Der Iran hat einen Teil-Ausstieg aus dem internationalen Atomabkommen angekündigt und damit die Furcht vor einer neuen Eskalation des Konflikts geschürt.

Irans Präsident Hassan Ruhani

Irans Präsident Hassan Ruhani

Der Iran hat einen Teil-Ausstieg aus dem internationalen Atomabkommen angekündigt und damit die Furcht vor einer neuen Eskalation des Konflikts geschürt. Der Iran werde einigen der Auflagen nicht mehr nachkommen und behalte sich weitere Maßnahmen vor, sollten die Vertragsparteien nicht binnen 60 Tagen gemachte Zusagen einhalten, gab Teheran am Mittwoch bekannt. Die Ankündigung erfolgte inmitten verschärfter US-Rhetorik gegenüber dem Iran - US-Außenminister Mike Pompeo warnte vor einem "unmittelbar bevorstehenden" Angriff des Iran.

Konkret wird der Iran nach eigenen Angaben die geltenden Beschränkungen bei den Beständen an angereichertem Uran und Schwerwasser aufheben. "Die Islamische Republik Iran sieht sich derzeit nicht verpflichtet, den Beschränkungen bei der Lagerung von angereichertem Uran und Schwerwasserreserven nachzukommen", teilte der Nationale Sicherheitsrat mit.

Sollten überdies die im Vertrag verbliebenen Parteien Deutschland, Frankreich, Großbritannien, China und Russland ihre Zusagen "insbesondere im Öl- und Bankensektor" nicht binnen 60 Tagen wieder einhalten, werde der Iran auch den Beschränkungen bei der Urananreicherung nicht mehr nachkommen und den Bau des Schwerwasserreaktors in Arak fortsetzen, drohte Staatschef Hassan Ruhani bei einer im Fernsehen übetragenen Kabinettsitzung.
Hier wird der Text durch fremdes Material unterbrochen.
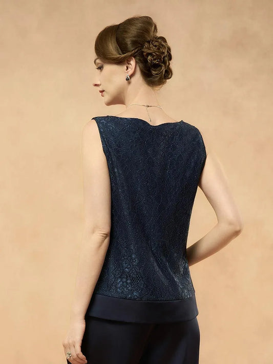 Satin Lace Tank Top with Rhinestones

Sollte binnen 120 Tagen kein Ergebnis vorliegen, werde der Iran weitere Maßnahmen ergreifen.

Mit den Auflagen aus dem Atomabkommen soll sichergestellt werden, dass der Iran nicht genug hochangereichertes Uran zum Bau einer Atombombe bekommt. Ruhani betonte, das Ultimatum diene der Rettung des Atomdeals nach dem einseitigen Ausstieg der USA vor genau einem Jahr im Mai 2018. Ziel sei es nicht, den Deal "zu zerstören". Außenminister Mohammed Dschawad Sarif sagte dem Staatsfernsehen, Teherans Vorgehen verstoße nicht gegen den Atomvertrag, den der Iran nach Angaben der UN-Inspektoren bislang strikt einhielt.

Bei einem Besuch in Moskau warf Sarif den europäischen Vertragspartnern Deutschland, Frankreich und Großbritannien später vor, "nicht einer ihrer Verpflichtungen" aus dem Vertrag nachgekommen zu sein.

US-Präsident Donald Trump hatte nach der Aufkündigung des Atomabkommens die Wirtschaftssanktionen gegen den Iran wieder eingeführt. Ruhani warf den europäischen Staaten vor, die USA als "Weltpolizisten" zu sehen, was sie daran hindere, "entschlossene Entscheidungen im eigenen nationalen Interesse" zu treffen.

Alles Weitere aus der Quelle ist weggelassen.